I’ve been a fan of Adam Kahane’s work for years, but I only met him a few days ago. It was my loss, because his work brilliantly takes mainstream peacebuilders out of their comfort zones in constructive ways.
In his most recent book, that starts with the title–Collaborating with the enemy–and subtitle–how to work with people you don’t agree with.or like or trust.
Collaborating with the enemy tends to put us off because it conveys the image of people who overtly or covertly gave support to the Nazis during World War II and others of that ilk. However, the term has another and more positive meaning in which working with our adversaries is not only a good thing, but an inescapable thing. Indeed, those are the situations that we peacebuilders typically find ourselves in.

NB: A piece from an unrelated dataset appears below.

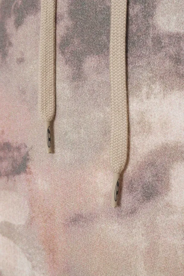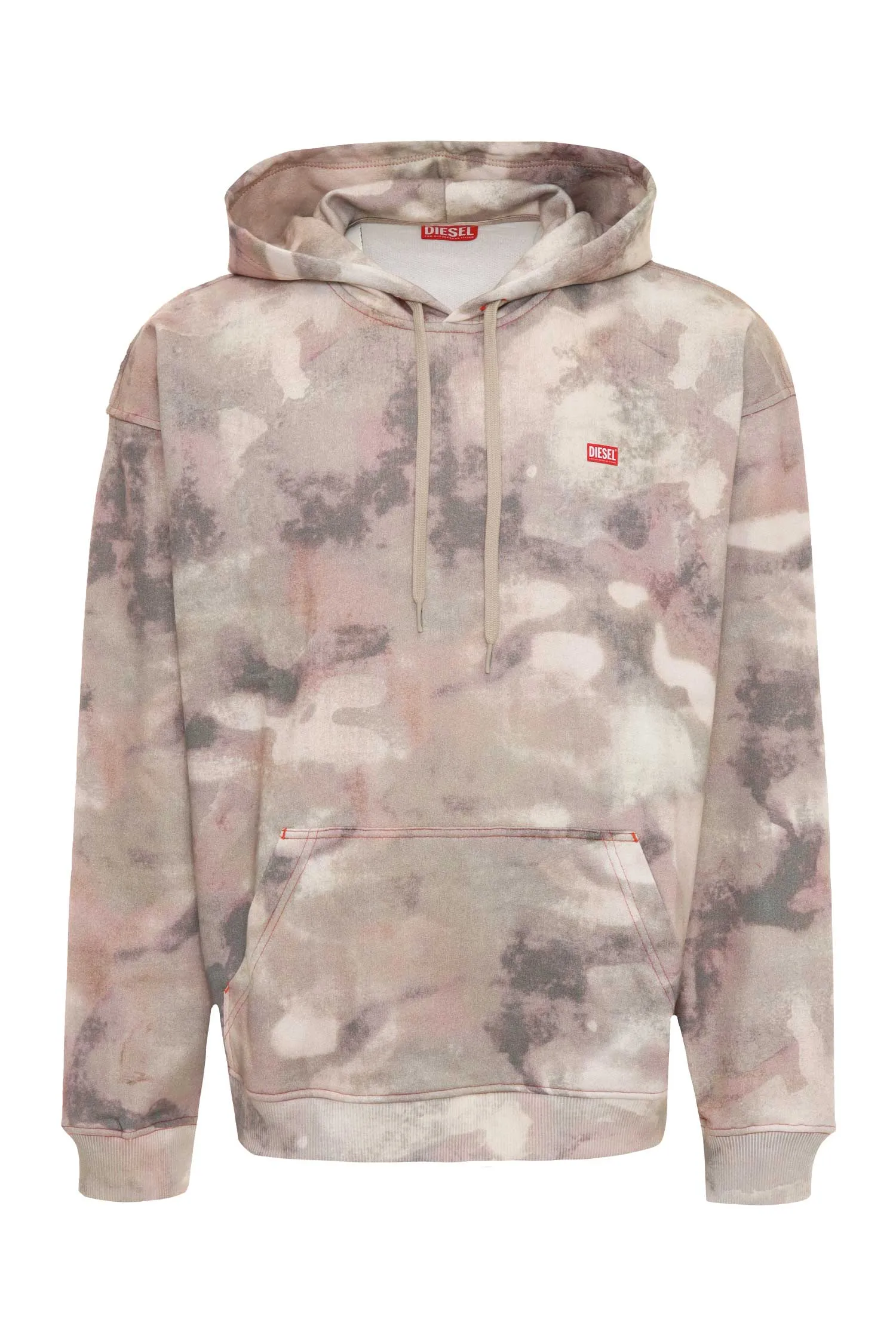 DIESEL ХУДИ РОЗОВО-СЕРОЕ, ПРИНТ КАМУФЛЯЖ, НА ГРУДИ МАЛЕНЬКОЕ КРАСНОЕ ЛОГО, СПЕРЕДИ НАКЛАДНОЙ КАРМАН

If we are going to succeed in helping others–not to mention ourselves–deal with people we disagree with, dislike, and don’t trust, Kahane’s most recent book i sa great place to start.
Early on, he makes the case that today’s circumstances make seeking collaborative solutions more necessary but also more difficult to achieve given everything from the accelerating rate of change to our tendency to engage in what he calls the enemyfying syndrome in which we tend to demonize out adversaries.

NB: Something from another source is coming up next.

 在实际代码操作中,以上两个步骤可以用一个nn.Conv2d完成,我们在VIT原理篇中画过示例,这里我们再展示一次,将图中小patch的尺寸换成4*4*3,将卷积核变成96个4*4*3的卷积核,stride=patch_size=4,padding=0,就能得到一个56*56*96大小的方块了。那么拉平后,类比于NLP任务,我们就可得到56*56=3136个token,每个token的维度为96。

Collaboration is not our only option. But, in a world of wicked problems in which there is no single, obvious path forward, collaboration is only one of several options. It is, however, the only path to follow if you want to (in his terms) generate creative responses to those problems which we share in common with each other. To see what he means by stretch collaboration in any detail, you will have to read the book. But, essentially, he argues that we have embrace both the conflict we are in and the connections we can build with the people we disagree with.

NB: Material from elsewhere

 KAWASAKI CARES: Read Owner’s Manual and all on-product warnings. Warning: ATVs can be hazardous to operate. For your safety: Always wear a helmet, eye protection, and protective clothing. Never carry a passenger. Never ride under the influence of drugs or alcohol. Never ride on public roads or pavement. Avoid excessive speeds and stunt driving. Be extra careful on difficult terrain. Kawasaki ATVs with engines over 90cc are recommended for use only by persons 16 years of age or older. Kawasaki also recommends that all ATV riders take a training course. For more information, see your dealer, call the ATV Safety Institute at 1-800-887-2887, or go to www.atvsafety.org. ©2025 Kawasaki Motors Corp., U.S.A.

In fact, Kahane and his Reos Partners have spent the last twenty years doing just that in settings as different as the slums of Haiti and glamorous corporate boardroom.
He is best known for his work using scenarios, which you will find featured here. However, he goes much farther especially by encouraging us to consider using both traditional forms of what he calls vertical power “over” others with the kind of love or cooperative problem solving (horizontal in his terms) that we peacebuiilders are more comfortable with.
Kahane is also an excellent writer who occasionally slips in some self-deprecating humor.
Like all of his book, a must read for serious peacebuilders who are frustrated by our lack of progress.